Long before Angelo Pizzo penned the scripts for two of America's most iconic sports movies, he and his father would make the one-block walk from their home to Indiana's football stadium.
The strolls home usually seemed to take a bit longer because even then, in 1955, losses were the norm. Eventually, the man who introduced the world to such motivational flicks as ''Hoosiers'' and ''Rudy'' accepted the reality Indiana's program may be permanently stuck in mediocrity — or worse.
Pizzo found himself in good company in these parts.
Seventy-one years later, he — like so many other long-suffering Indiana fans — has a new perspective. Suddenly, the Bloomington native is bursting with excitement, enthusiasm, even a sense of disbelief as the Hoosiers have gone 26-2 over the past two seasons and he's now heading to Miami to watch his beloved alma mater try to pull off a ''Hoosiers''-like ending by beating the 10th-ranked Hurricanes on their home field for the program's first national championship.
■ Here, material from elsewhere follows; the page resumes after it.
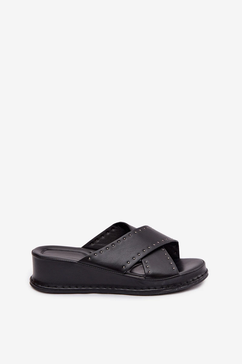 Dámské nazouváky z eko kůže jsou stylovým návrhem na letní dny. Model na pohodlném klínu zajišťuje komfort nošení a jemně zeštíhluje postavu. Vepředu jsou dva proplétané pásky ozdobené malými zlatými kuličkami, které dodávají celku jemný lesk a ženský charakter. Tyto nazouváky se skvěle hodí jak k běžným, tak k elegantnějším letním stylizacím. Při výběru velikosti se řiďte tabulkou velikostí.

''One of my first memories, talk about being in my DNA, was we always lost,'' Pizzo told The Associated Press this week. ''That's kind of like, except for a couple blips along the way — certainly the (1968) Rose Bowl team, I was in school there and the boys Jade Butcher, John Isenbarger, Harry Gonso were all good friends of mine — so that was a great adventure. I thought we'd turned the corner and then it went back down. It returned to what was normal and we went back to losing.''
Storybook turnaround
Curt Cignetti promised to change Indiana's image from the moment he took the job five days after the end of the 2023 season. The no-nonsense 62-year-old coach neither minced words nor wasted them when asked at his first news conference why people should believe he'd end all this losing.
''I win. Google me,'' he famously boasted that day.